Тринадцать
Все слова в моей голове рассыпались, я застыл в молчании, не находя ответа. Он прав, подумал я наконец, это его страна. Я вспомнил те немногие случаи, когда я обращался к своим старым воспоминаниям, — это было как раз то место, куда я сейчас попал: сухое, мертвое, заброшенное; все, что когда-то было, обратилось в прах. Спустя мгновение я пожимал плечами — счастливое детство, но воспоминания отвратительны, —и научился жить без своей юности. Почти. Вот здесь она лежит.

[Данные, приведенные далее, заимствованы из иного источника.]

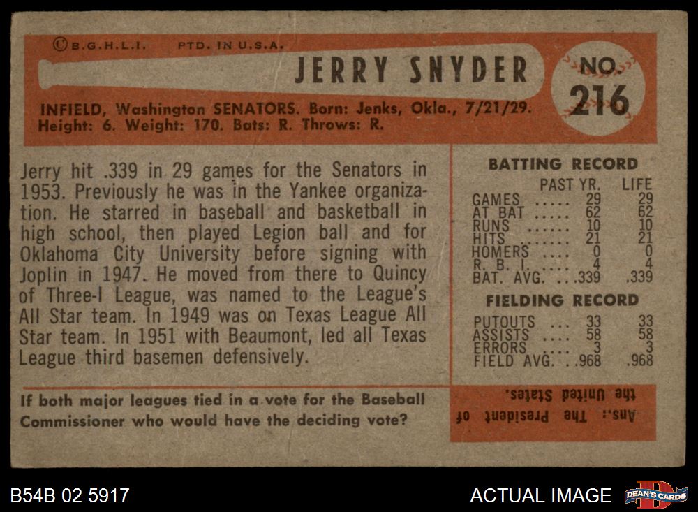 1954 Bowman #216 ALL Jerry Snyder 1.5 - FAIR

Он обернулся и посмотрел на меня — себя, выросшего за все эти годы. С ним в глубине меня.
Я наконец обрел дар речи:
— Все эти воспоминания так же мертвы и для тебя?
— Конечно нет, Ричард.
— Почему же они сейчас так выглядят?
— Они похоронены. Все. Но я могу возродить их, если захочу.
Он усмехнулся так, как будто вылил на меня ведро холодной воды и у него про запас осталась еще тысяча таких ведер. — Все мое детство?

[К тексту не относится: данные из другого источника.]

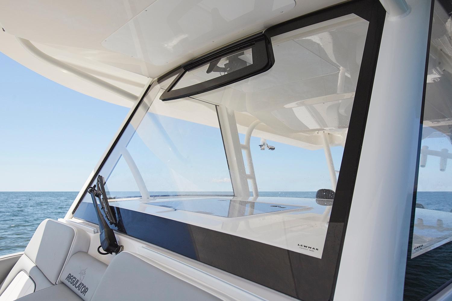 - Fiberglass T-Top with Surfboard Edges, Electronics Box, Navigation/Dock Lighting, Spreader Lights, and Multi-Colored LED Lights, plus Rocket Launchers built into Aft Support Frame and Integrated Wraparound Windshield with Vent and Windshield Wiper/Washer

— Угу, — сказал он. — Ты отказываешься от меня, я отказываюсь от тебя.
Я потрогал пальцами твердую спекшуюся землю под ногами, попробовал сковырнуть обожженный солнцем кусок корки. Глина была прочной, как осколок искореженного железа.
— Есть ли тут водонапорная вышка? Почему я помню водонапорную вышку? Что она означает?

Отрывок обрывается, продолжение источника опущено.